Actualités of Wednesday, 18 June 2025
Source: www.camerounweb.com
En cette période charnière de l'histoire politique camerounaise, à l'approche de l'élection présidentielle d'octobre 2025, une déclaration citoyenne poignante émanant des intellectuels et leaders de la Région du Sud interpelle la nation tout entière. Ce manifeste, signé par huit personnalités éminentes dont le Dr Appollinaire Legrand OKO et le Pr Jean Calvin ABA'A OYONO, constitue un cri du cœur pour le changement après 43 ans de règne de Paul Biya.
Dans un plaidoyer articulé en quatre pages, les signataires dressent un bilan sans concession du "règne sans partage" du président sortant sur sa région natale, dénonçant avec force les conditions de vie dégradées, les infrastructures en ruine et les manipulations politiques qui auraient maintenu la population sudiste dans la pauvreté et la soumission. Le document révèle notamment :
L'état désastreux des routes et l'absence d'électricité dans certaines localités depuis l'indépendance
La collusion des élites locales avec un système de prédation et de fraude électorale
La répression systématique des voix dissidentes originaires du Sud
Le mythe entretenu d'une adhésion inconditionnelle des Sudistes au régime Biya
Plus qu'une simple dénonciation, cette déclaration se veut un appel à l'action pour les populations du Sud, les exhortant à "prendre leur destin en main" lors du scrutin à venir. Les signataires proposent une alternative claire : rompre avec la passité pour embrasser le changement par les urnes, seul moyen selon eux de mettre fin à "cette humiliante éducation de la servitude".
DECLARATION A L'ADRESSE DES POPULATIONS DE LA REGION DU SUD.
« Embarquons résolument dans le train du bonheur !

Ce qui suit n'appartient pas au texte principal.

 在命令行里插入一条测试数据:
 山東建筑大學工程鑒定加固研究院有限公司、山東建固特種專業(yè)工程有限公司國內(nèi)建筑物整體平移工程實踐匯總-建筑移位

Nous vivons un moment politique décisif pour l'ensemble du pays et singulièrement pour la Région du Sud. Car, depuis 43 ans, Monsieur Paul BIYA règne sans partage sur le Cameroun et l'ancienne province du Centre/Sud, devenue province du Sud, puis Région du sud, sa région natale, laquelle fait l'objet de toute sorte de préjugés, de mensonges et de fantasmes.
En cette période cruciale de notre histoire nationale, les populations du Sud se doivent de prendre la pleine mesure de leur responsabilité morale, historique, individuelle et/ou collective. Elles peuvent opter de se taire et d'accepter tous les mensonges qui sont répandus sur elles, tout comme il leur est loisible de prendre la décision digne et courageuse de se prononcer et d'agir pour le bien de leur Région et du pays tout entier, dans le contexte actuel bouillonnant de fin certaine du régime BIYA et d'avènement d'un nouveau régime, de rupture, soucieux du bien-être de l'ensemble des Camerounais(es).

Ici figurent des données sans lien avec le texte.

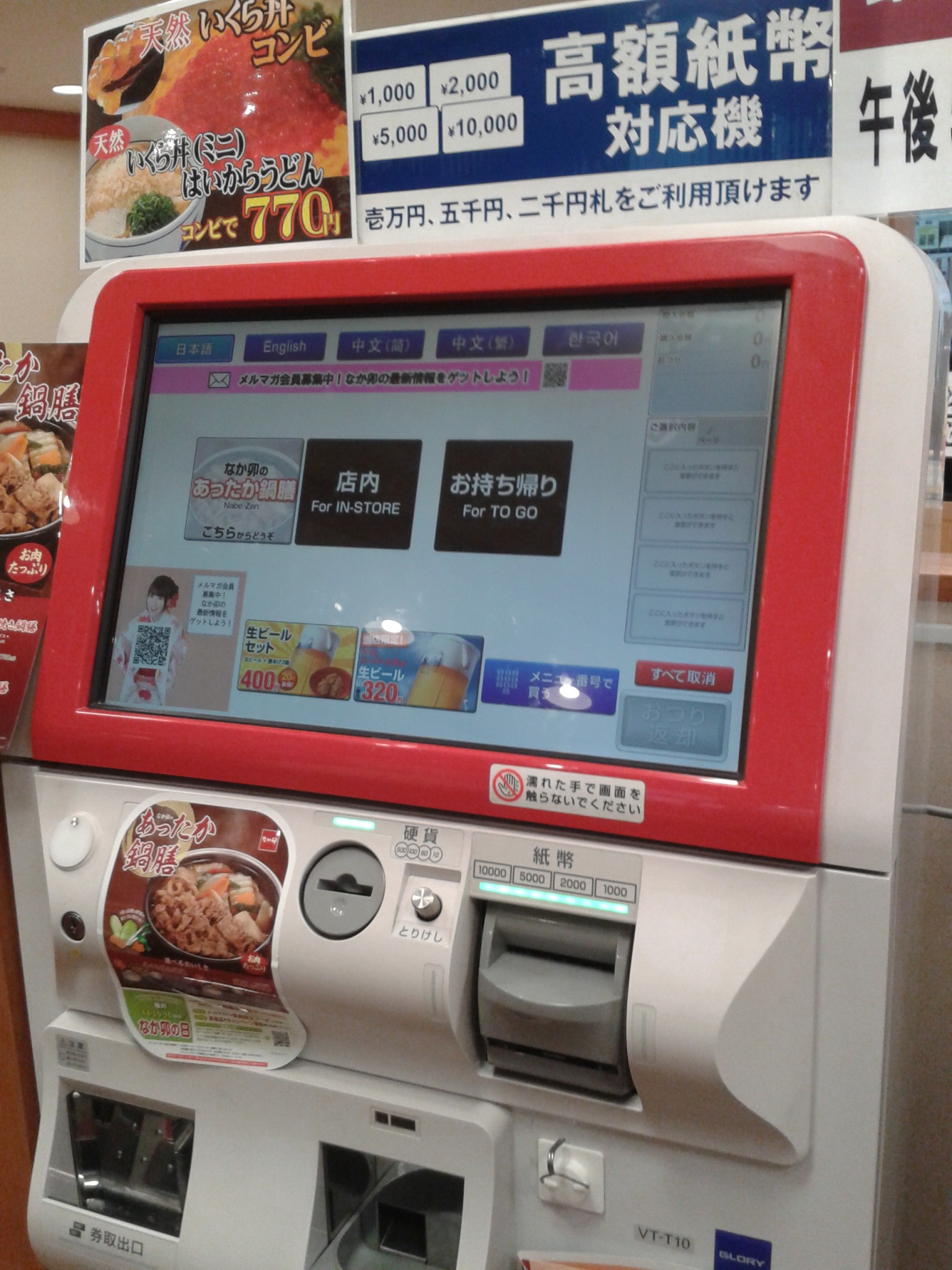Like buying something from a vending machine, or paying a parking meter, you pay at the machine, and you receive a ticket. Typically you will have a ticket for each dish –for example, I bought one “Duck Meat Udon” (udon is a different Japanese noodle to ramen) and a side of karaage, so I received two tickets.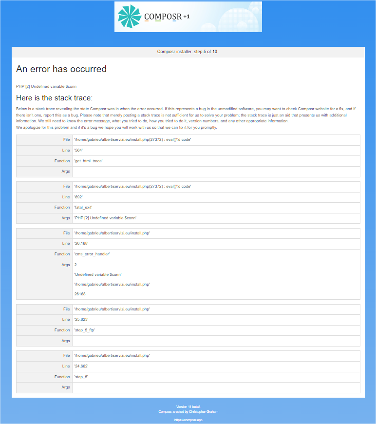 | Description | I tried to install, but it gives an error at step 5. The test was done with PHP 8.1 | ||||

C'est donc à nos frères et sœurs du Sud qu'est adressée cette interpellation citoyenne sous forme de Déclaration.
Chers Frères et Sœurs,
Au cours de la période sensible et délicate que traverse actuellement le Cameroun, et dont le point culminant est l'élection présidentielle qui, inéluctablement, pointe à l'horizon, nous avons le choix entre deux attitudes. La première est celle du silence, de l'inaction, de l'observation passive, tels des étrangers de passage au Cameroun, le choix de la peur ou de la connivence avec le régime sortant au cours de l'élection présidentielle d'octobre 2025. Si tel est notre posture, nous aurons opté pour la démission.
Nous aurons choisi de continuer à subir, encore et toujours, après avoir subi depuis 1982. Ce sera alors un choix irresponsable. Pourquoi irresponsable ? Parce que chaque citoyen doit exiger de ceux qui gouvernent ou de ceux qui aspirent à gouverner de meilleures conditions de vie pour lui-même et pour ceux qui lui sont proches. Face à un régime, sortant et bientôt sorti, qui a lamentablement échoué dans tous les secteurs de la vie nationale, nous devons exercer notre sanction dans les urnes lors de cette élection présidentielle, sinon notre sort et celui de nos proches (parents, frères et sœurs, enfants, etc.) est négativement scellé. Rester donc passif dans le contexte actuel, c'est être irresponsable.
L'autre attitude, utile, responsable, c'est celle de l'engagement, de l'action, de la participation au grand changement politique qui va s'opérer cette année. Le véritable changement est celui qui vient du Peuple. Après 43 ans, nous pouvons affirmer que le changement qui a eu lieu en novembre 1982 au Cameroun, et qui ne venait pas du peuple, n'a quasiment rien apporté de bénéfique aux populations paupérisées à la Région du Sud. La nomination des Ministres et des Directeurs Généraux originaires du Sud n'a rien apporté à l'écrasante majorité des Camerounais de cette Région dont les conditions de vie se sont considérablement dégradées, en comparaison à celles connues jadis, sous le Président Ahidjo notamment.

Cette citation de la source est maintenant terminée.